SO...my last two purchases can run both at 110 or 220, right now I have them on 110v. Will tools that can run at 220v run better on that setting? Thus far the table saw seems fine on 110v, and haven't a way of measuring what change it would make to the dust collector. I have some wiring to do, but have enough power to run them either way, I just want to determine the most advantageous, before I go through setting up the wiring.

It's a tricky question. A quick high amp draw when a tool starts up can cause the voltage to temporarily sag. This is why lights dim when the iron comes on. This is not optimal for a motor. But how much long term damage it causes is debatable. On 220, a tool requires half of the amps Vs on 110, so the risk of a sag is lower.

Whether the voltage will sag at all is a function of several things including the resistance of the line. The longer the run and lower the gauge, the more chance it'll happen.

im not a pro, but I have noticed this happened on my jointer. I run it now on 220.
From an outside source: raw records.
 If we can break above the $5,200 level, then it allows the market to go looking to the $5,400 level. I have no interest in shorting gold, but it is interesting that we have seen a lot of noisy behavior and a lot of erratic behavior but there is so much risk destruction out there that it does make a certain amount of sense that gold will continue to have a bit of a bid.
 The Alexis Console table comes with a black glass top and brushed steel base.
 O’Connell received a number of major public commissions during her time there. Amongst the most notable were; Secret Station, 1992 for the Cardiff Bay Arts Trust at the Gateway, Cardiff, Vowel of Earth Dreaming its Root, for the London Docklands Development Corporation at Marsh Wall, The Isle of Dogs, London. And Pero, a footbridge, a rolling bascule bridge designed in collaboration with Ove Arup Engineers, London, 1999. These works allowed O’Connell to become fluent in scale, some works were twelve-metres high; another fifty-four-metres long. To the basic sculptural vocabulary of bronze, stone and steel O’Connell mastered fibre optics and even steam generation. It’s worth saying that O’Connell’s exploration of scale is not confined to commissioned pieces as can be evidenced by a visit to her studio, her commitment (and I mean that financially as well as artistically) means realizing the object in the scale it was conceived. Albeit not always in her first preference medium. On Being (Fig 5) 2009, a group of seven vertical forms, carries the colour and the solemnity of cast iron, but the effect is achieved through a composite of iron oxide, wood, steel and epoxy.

If you're installing new circuits, plan for 220 (you'll get by with thinner wire, which is cheaper!). But an appropriate-sized 110v will work just as well.
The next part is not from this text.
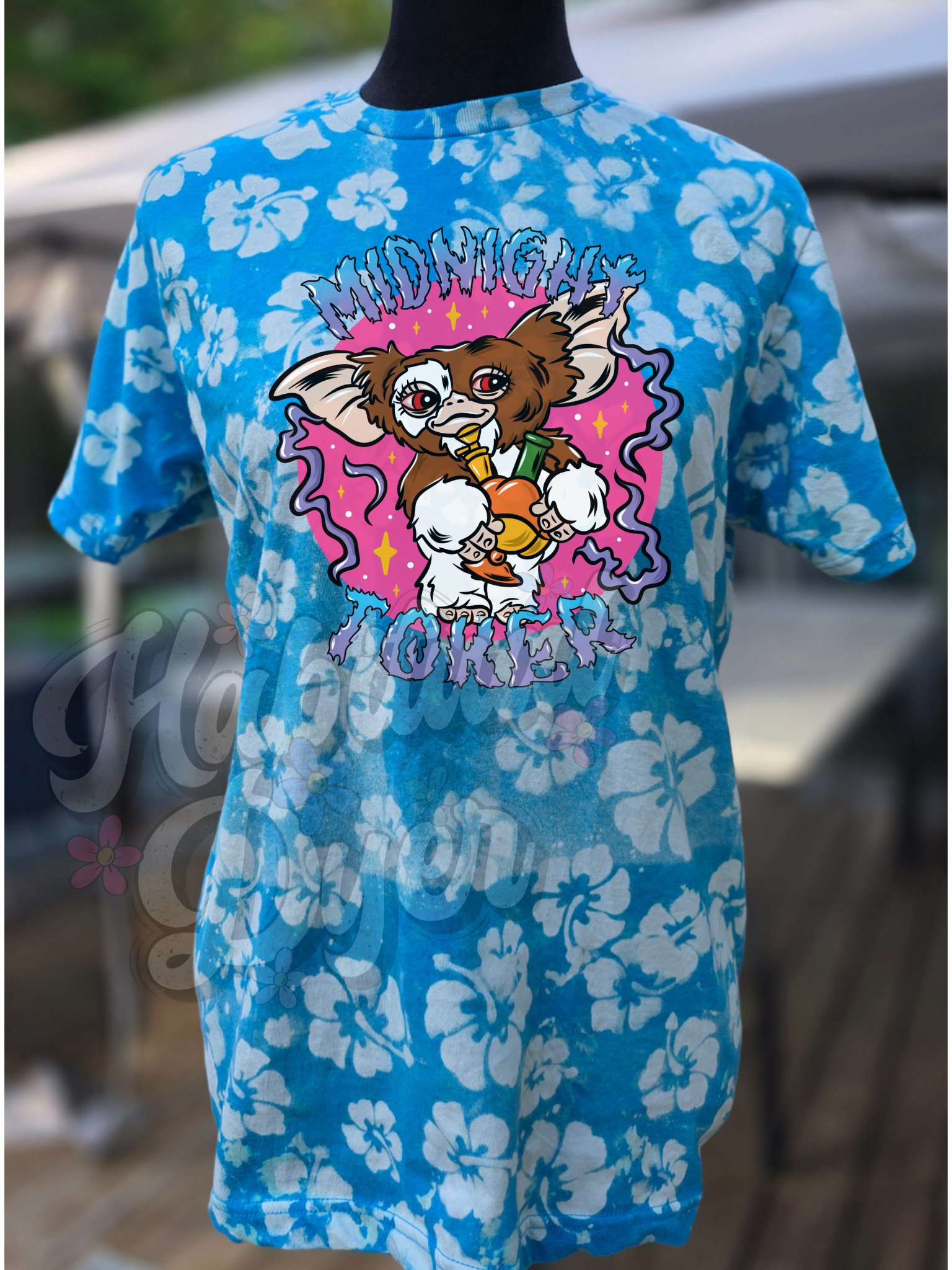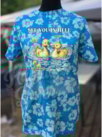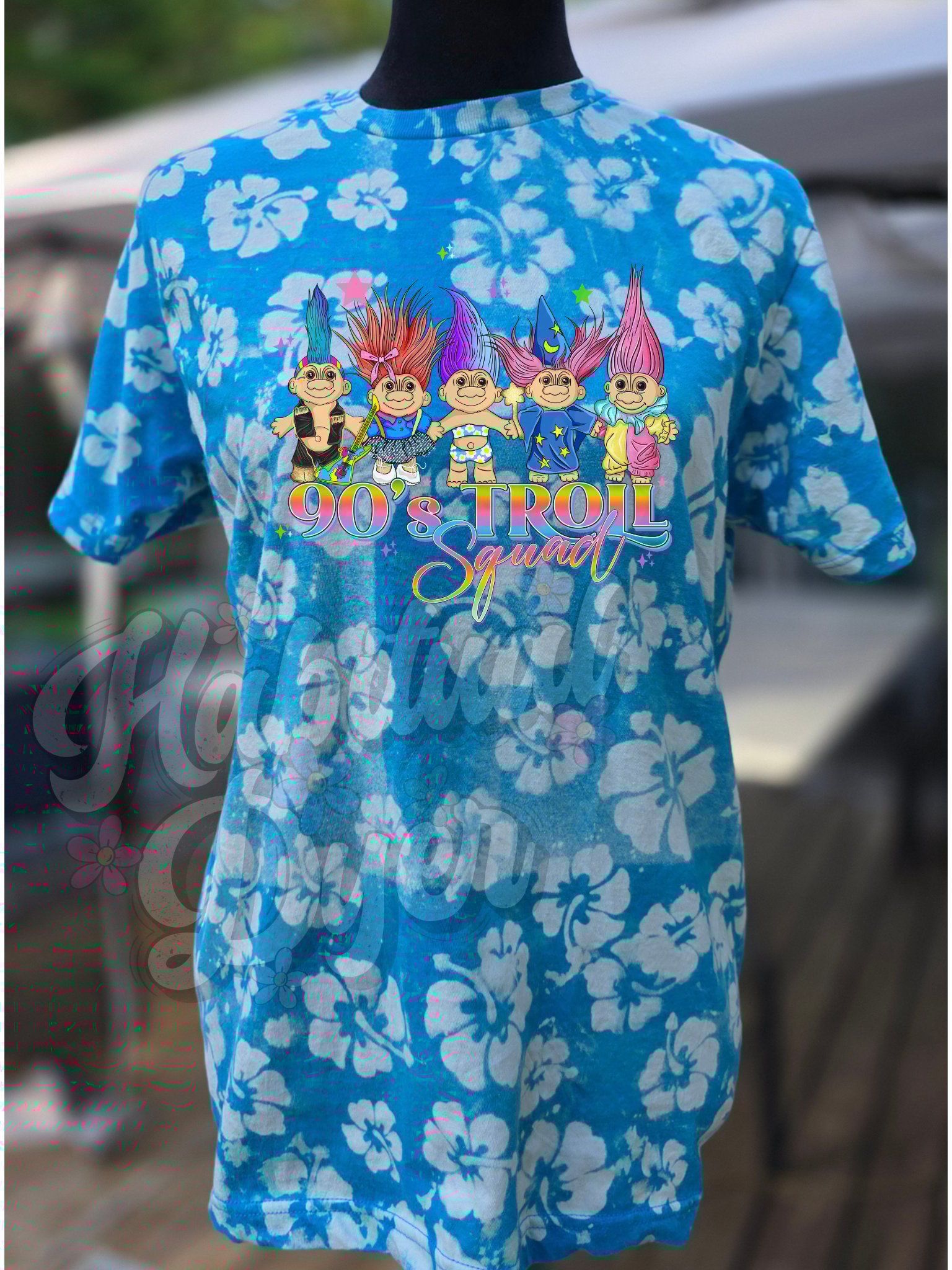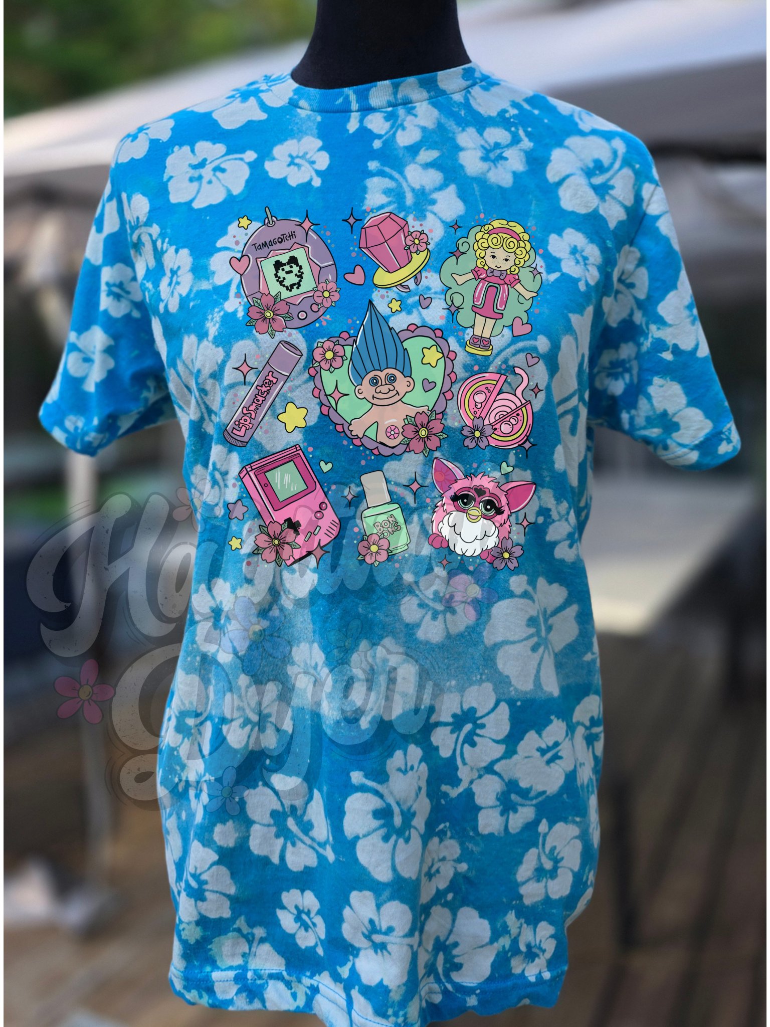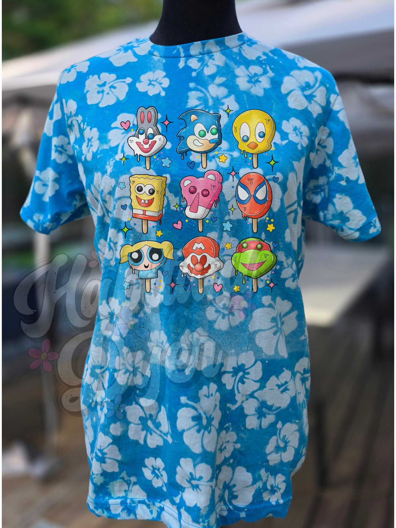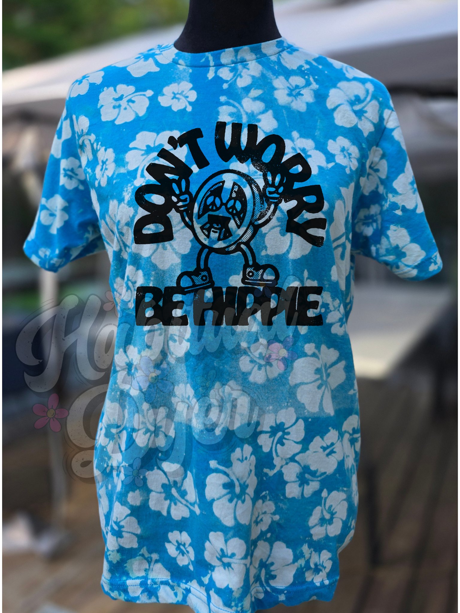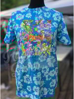 Tultex 50/50 polycotton blend tee, stencil bleached with hibiscus, unisex Medium. Leave it plain or pick a print!

When people exclaim how much better their tools work on 220v, what they're generally REALLY saying is: "I installed an appropriately-sized 220V circuit, and this offers better performance than the undersized 110V circuit I was previously using". They assume the voltage change is what improved the performance, when in reality, it probably had more to do with installing a dedicated circuit with correctly-sized wire.

Though it may seem like "it ran like a new saw" there is no performance advantage between a motor running on 120 versus 240. This is an oft debated topic here and the conclusion always is there is no reason other than undersized or excessively long wiring runs to switch to 240. You do not get more speed, torque or Hp on 240 than you get on 120. Just make sure your wiring runs and circuit breakers are properly sized for the rated current of the motor and it should run just fine on 120. Running on 240 will cost more for plugs and outlets and you get fewer circuits in your panel.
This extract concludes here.